The other two? Well here's where the Commish and I disagree, at least publicly. Stern stated publicly yesterday that he intends to address the tanking issue this offseason, vowing to find a way to stop teams from tanking to get the best possible pick. Me personally, I'm not bothered by Memphis or Boston sucking to get a chance at once-in-a-decade talents like Greg Oden or Kevin Durant. As the Sports Guy and numerous others have explained, a potential superstar can change the fortunes for a team in basketball more than any other sport, so why wouldn't a team with no chance of making the playoffs give themselves the best possible chance to land one of these two? It's not like this happens every year either. Since the lottery concept began in 1985, and was tweaked after 1993 (when the Magic landed back-to-back #1 picks) there's only been a handful of drafts where there's been a player worth tanking for: Ewing in '85, Shaq in '92, Webber/Penny Hardaway in '93, Duncan in '97, and Lebron/Melo in '03. Including this year, that's 6 drafts in 23 years.
The tanking that DOES bother me hits with the NBA's other real problems, which are an image of lazy players, and dumb GM's. For the 2nd year in a row, the aforementioned Wolves are trying to secure a particular draft spot so they don't lose their pick because their GM made a bad trade/signing. The TPups aren't alone either, as Atlanta and Indiana tried to do the same this year, and you can be certain that with so few competent GM's in the league, and so many players getting guaranteed contracts no matter how they perform, this isn't going away. GM's will continue to make dumb trades and sign guys to bad contracts, crippling their team. I mean really, what options do the Wolves have right now? McHale has screwed up this roster so badly with poor drafting, trades and free agent signings, that their only hope of keeping Garnett is to keep their #1's and land Oden or Durant. That's it. So KG, who's been one of the toughest and most reliable players in the last decade, suddenly has a mysterious injury so the team can suck and keep it's draft position, where McHale will only make another dumb pick.

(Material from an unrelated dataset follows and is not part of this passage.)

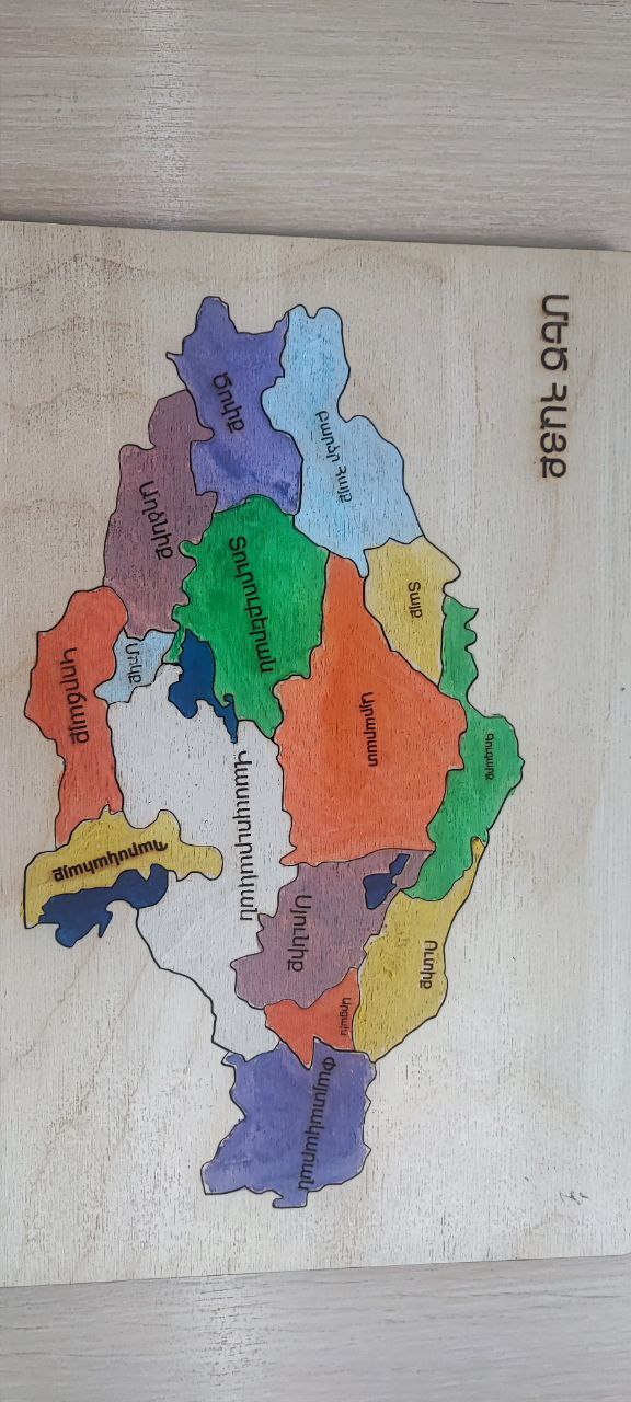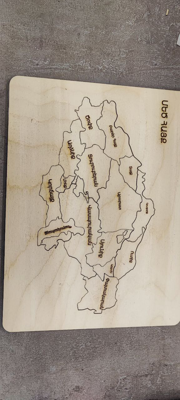 1.Could you have done this activity without the teaching aid you have fabricated?How do you think digital fabrication improves the activity vs utilizing traditional methods? What is the extra value? Yes, this activity could have been completed without the teaching aid but the digital fabrication adds significant value and enhances the learning experience. Students can simply look at printed maps or book pages and try to memorize names, while using a ready-made puzzle map allows them to physically engage with the geography of Armenia in a more interactive and memorable way. Puzzles are beneficial for developing logical and spatial thinking, fine motor skills, and attention. They also help relieve stress, improve mood, and boost self-esteem, while working together helps build teamwork. Furthermore, the game-like nature of the task—the competition between students—increases motivation and interest, making the lesson more dynamic and engaging. Digital production, such as laser-cut or 3D-printed stencils, ensures precision and reusability, offering durable and accurate teaching aids that enhance both collaboration and knowledge acquisition compared to traditional paper-based methods.

The solution to dumb GM's and lazy players is simple: do away with guaranteed contracts. It's why the NFL is the most popular sport on the continent, because players HAVE to give their all or they get cut. Doing this in the NBA would do a much better job of making players give max effort, and also letting GM's off the hook for bad contracts. Fans get to see players actually trying on a nightly basis, and they know their teams aren't trapped in salary cap hell if/when their GM makes a dumb move. Everybody wins- well except the lazy-ass players who currently get guaranteed money.
It would take a man like Stern, who when he wants to, can be as intimidating a figure as there is in sports, to make this happen. The players union would fight it at all costs, and as the lockout dragged on the owners and fans would fight it too. But IF he could hold his ground, and explain in ways that only he can to "make them an offer they can't refuse", it would be his boldest and best move as Commissioner.
Short of that, there is an easier way to help solve the problem of bad GM's and bad contracts...which we'll save for next time.
Tuesday, November 21, 2006, 03:29 PM EST
[General]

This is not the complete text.